Marvin MöhlerVöllig benommen brauchte er erst einige Minuten, ehe er überhaupt wieder wusste, was um ihn herum geschah. Wesentlich gehandicapt durch diesen Vorfall hielt er dennoch das komplette Rennen durch. Auch wenn am Ende dadurch nur ein 35. Platz übrig blieb, kann dies als eine mehr als sehr beachtenswerte Leistung eingestuft werden. Zu welchen Leistungen Marvin Möhler sonst fähig ist, zeigt der erst vor kurzem errungene Sieg in dieser Klasse beim Rennen in Schefflenz. Unterdessen beendete Frank Neubert als Erster diese erste gefahrene Runde vor Pascal Schneider und Tobias Häfner. David Gärtlein und Andreas Ziem gesellten sich als Vierter und Fünfter hinzu.
Ab der vierten Runde übernahm Andreas Ziem den zweiten Platz von Tobias Häfner und gab diesen bis zur siebten Runde nicht wieder ab. Dann aber holte sich diesen fest entschlossen Tobias Häfner wieder zurück und verwies Andreas Ziem wieder auf den dahinter liegenden dritten Platz. Die beiden Tangelst-Mannen Patrick und Klaus verweilten derweil auf den Rängen vier und fünf.
Kurze Zeit später fiel Andreas Ziem bis auf den neunten Platz zurück, während alle vor ihm liegenden Piloten um jeweils einen Platz nach vorne rückten.
In Runde zehn läutete schließlich Tobias Häfner den sich vorher schon andeutenden Führungswechsel ein und gab dieselbe dann auch bis ins Ziel nicht mehr ab. Frank Neubert blieb logischerweise nichts anderes übrig, als sich schlussendlich nach dem Abbruch mit Platz zwei zufrieden zu geben.

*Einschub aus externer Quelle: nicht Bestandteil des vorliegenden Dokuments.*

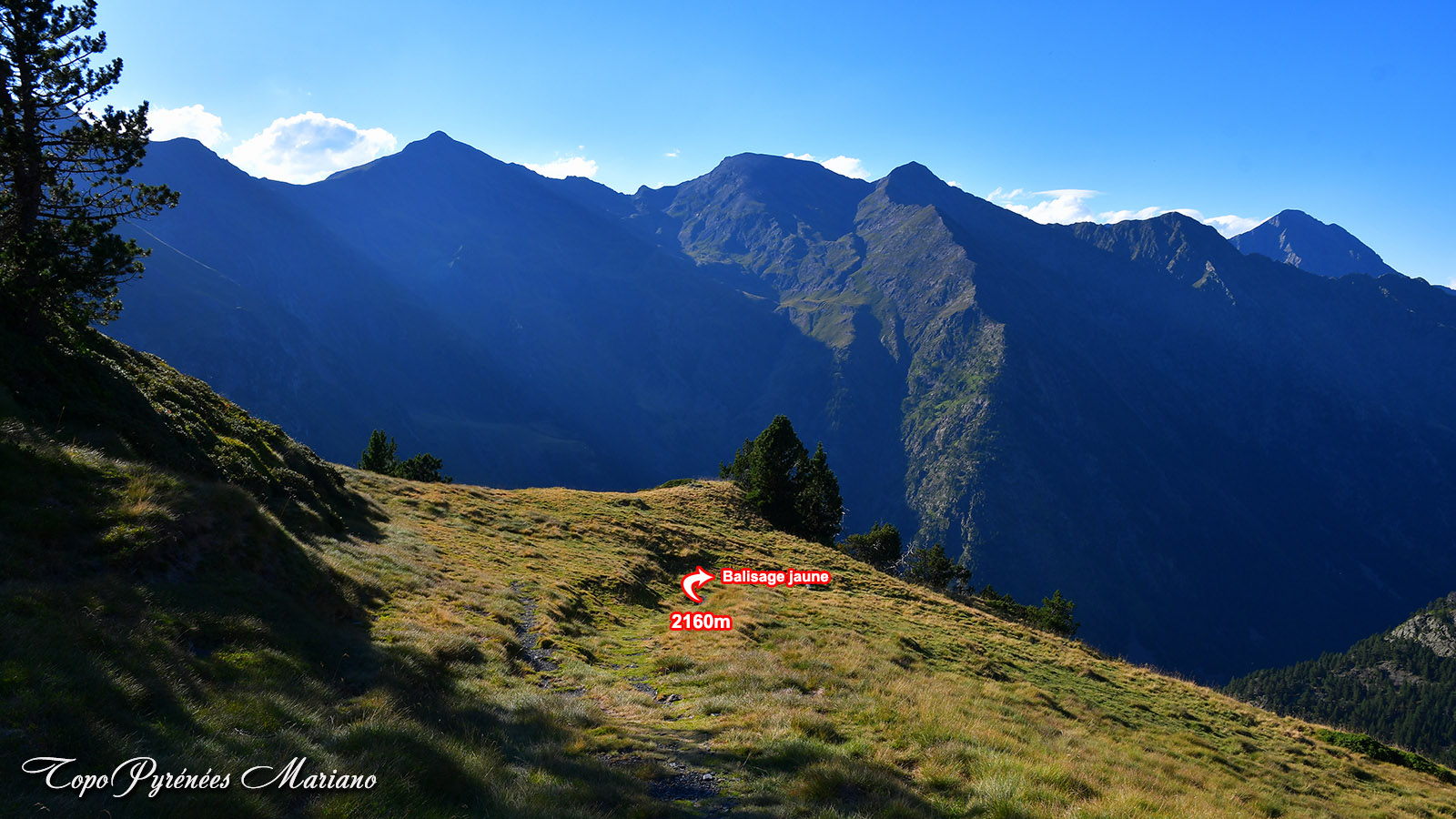Vers 2160m d’altitude, balisage jaune au sol, suivre le sentier qui vire à droite (Nord-Est).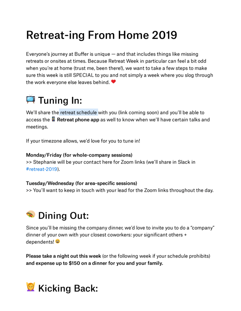 Personally, I missed one of our largest team retreats — and what would have been the retreat where I would have met the three teammates I hired on to Buffer! – when I was out on family leave with my firstborn.

Andreas Ziem gelang es in den letzten Runden noch einmal Boden gut zu machen und überquerte demzufolge als Dritter die Ziellinie an der Zählstelle. Klaus und Patrick Tangelst kamen auf den Rängen vier und fünf ins Ziel, während sich dahinter David Gärtlein positionierte. Die Plätze sieben bis zehn gingen dann letzten Endes noch an Dominik Zachrau, Marcus Liß, Manfred Budai und Timo Mengler, der trotz vier unsanfter Bodenkontakte noch den zehnten Platz ins Ziel fahren konnte.